:: Information ::
= = =

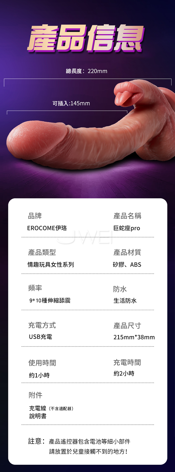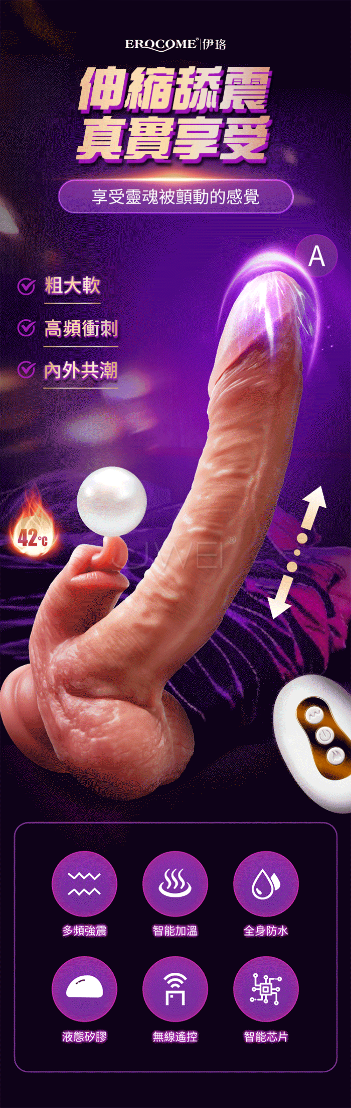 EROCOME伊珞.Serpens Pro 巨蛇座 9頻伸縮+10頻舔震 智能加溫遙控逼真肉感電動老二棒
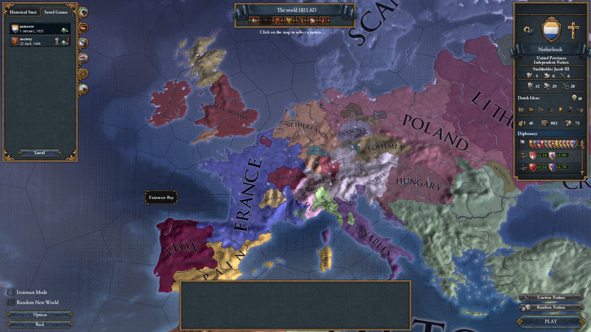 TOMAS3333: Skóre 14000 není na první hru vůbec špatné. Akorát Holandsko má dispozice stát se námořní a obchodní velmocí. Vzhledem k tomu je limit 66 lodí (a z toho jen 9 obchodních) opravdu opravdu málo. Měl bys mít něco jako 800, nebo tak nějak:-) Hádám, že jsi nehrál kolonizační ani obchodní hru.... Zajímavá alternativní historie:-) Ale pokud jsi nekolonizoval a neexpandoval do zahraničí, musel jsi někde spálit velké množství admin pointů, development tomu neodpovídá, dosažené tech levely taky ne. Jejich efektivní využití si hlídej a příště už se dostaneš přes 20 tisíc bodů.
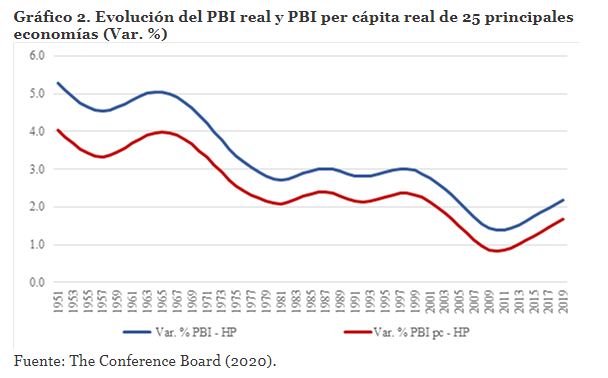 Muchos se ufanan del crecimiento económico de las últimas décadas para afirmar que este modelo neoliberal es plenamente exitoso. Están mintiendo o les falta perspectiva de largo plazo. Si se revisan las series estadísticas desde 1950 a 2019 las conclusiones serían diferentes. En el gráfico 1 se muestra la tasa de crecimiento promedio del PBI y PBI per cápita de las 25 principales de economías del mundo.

= = =

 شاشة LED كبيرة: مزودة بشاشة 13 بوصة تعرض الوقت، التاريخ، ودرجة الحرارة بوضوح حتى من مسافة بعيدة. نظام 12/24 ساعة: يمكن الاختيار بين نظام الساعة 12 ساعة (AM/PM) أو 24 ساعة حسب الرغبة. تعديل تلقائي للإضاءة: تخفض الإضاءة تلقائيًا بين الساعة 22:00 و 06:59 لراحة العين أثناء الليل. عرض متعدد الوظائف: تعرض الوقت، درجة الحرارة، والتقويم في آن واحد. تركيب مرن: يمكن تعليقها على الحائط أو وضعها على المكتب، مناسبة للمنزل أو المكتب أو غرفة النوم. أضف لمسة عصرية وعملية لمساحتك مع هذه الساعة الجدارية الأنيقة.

= = =

:: Problem details ::
What is needed is an exact copy of the lines above, from the one holding "EROCOME伊珞.Serpens Pro 巨蛇座" down to the one holding "Muchos se ufanan", with those two included and the pictures left out.

:: Result ::
 EROCOME伊珞.Serpens Pro 巨蛇座 9頻伸縮+10頻舔震 智能加溫遙控逼真肉感電動老二棒
 TOMAS3333: Skóre 14000 není na první hru vůbec špatné. Akorát Holandsko má dispozice stát se námořní a obchodní velmocí. Vzhledem k tomu je limit 66 lodí (a z toho jen 9 obchodních) opravdu opravdu málo. Měl bys mít něco jako 800, nebo tak nějak:-) Hádám, že jsi nehrál kolonizační ani obchodní hru.... Zajímavá alternativní historie:-) Ale pokud jsi nekolonizoval a neexpandoval do zahraničí, musel jsi někde spálit velké množství admin pointů, development tomu neodpovídá, dosažené tech levely taky ne. Jejich efektivní využití si hlídej a příště už se dostaneš přes 20 tisíc bodů.
 Muchos se ufanan del crecimiento económico de las últimas décadas para afirmar que este modelo neoliberal es plenamente exitoso. Están mintiendo o les falta perspectiva de largo plazo. Si se revisan las series estadísticas desde 1950 a 2019 las conclusiones serían diferentes. En el gráfico 1 se muestra la tasa de crecimiento promedio del PBI y PBI per cápita de las 25 principales de economías del mundo.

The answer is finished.